When I was recovering and starting to go out, I usually did best when I was with my little niece. I guess it's because I knew she depended on me. I couldn't focus as much on my own fears because I was so focused on taking care of her. So, maybe the fact that you're doing this for your daughter, and you have to be the responsible one will make it easier. I hope so.

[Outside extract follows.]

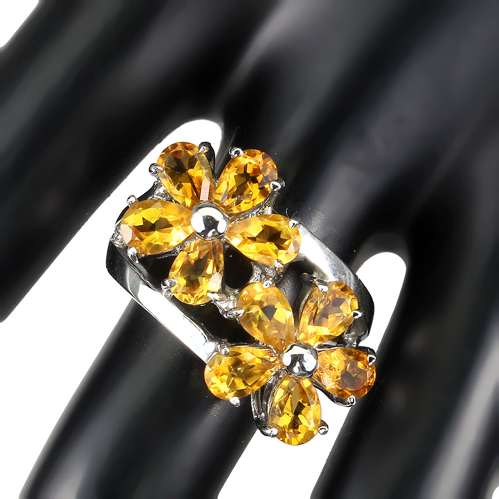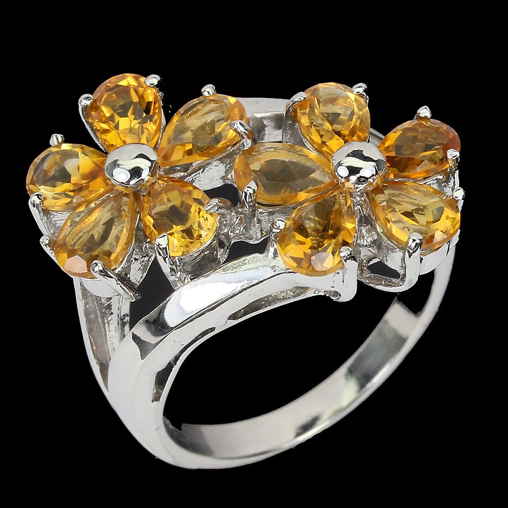 Unheated Pear Citrine 6x4mm 14K White Gold Plate 925 Sterling Silver Ring Size 9

Just keep reminding yourself that you CAN do this. Some people find it helpful to visualize themselves being in the situation they're dreading and imagining themselves doing well. That didn't work for me. I was better off trying NOT to think about it advance. I had to distract myself because the panic of anticipation was worse than the actual event. I had to try to treat it casually -- and once I was in the situation I had been dreading, I just took it one step at a time and it was never as bad as I thought it would be... and I learned that having a panic attack is not the end of the world. The panic attacks pass. I had to learn to just let them pass and not get freaked out by the fact that I was having one. Once I learned to let go, my panic attacks became less frequent and less severe.

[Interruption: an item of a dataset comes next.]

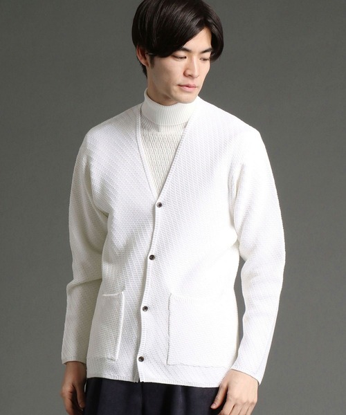 トレンド感のあるゆったりめのシルエットが特徴のカーディガンになります。表2本,裏1本で表現したバイヤスジャカードは,しっかりとした度目感でシャリ味のあるやや硬めの風合いが特徴。微配色で派手さを抑えながらも存在感のある編地で大人っぽく上品な仕上がりになっています。着用感もアクリル/コットンの為,チクチク感の無い快適な着心地となっています。

I took my first flight in 10 years last summer. I found that having some "security blanket" items in my purse made me feel better. I had a cellphone with numbers of friends and family programmed just in case I needed to talk to someone, I had Ativan (just in case), anti-nauseants (just in case), peppermints (because sucking on a really strong peppermint calms me down), and my iPod (because focusing on music can distract me from my panic.

Are there things you could take with you that would make you feel less frightened?

I know what a big challenge this is for you. When I had to fly, I just kept reminding myself of how amazing I would feel after I had done it. Accomplishing something I was phobic about would be a powerful confidence boost... and it was. When I got off the plane in Chicago, I felt like a had slayed a dragon. All the planning and anxiety and fear were worth it for that feeling... because that feeling has stayed with me and given me the strength to face other things that frighten me. So, can you try to look at this as an opportunity to do something amazing for your recovery and work on the techniques you have learned in therapy?

Finally, if you really feel that there is no way you can do this, that's okay. Agoraphobia is a powerful disease. If doing this will be unsafe for you and your daughter... if you're not ready for such a big step so soon, don't do it. Find someone else to take your daughter to the competition. Getting better takes time. If you're not ready for this, you're not ready. It's as simple as that.

Best of luck with whatever you decide to do. It will get easier. I promise.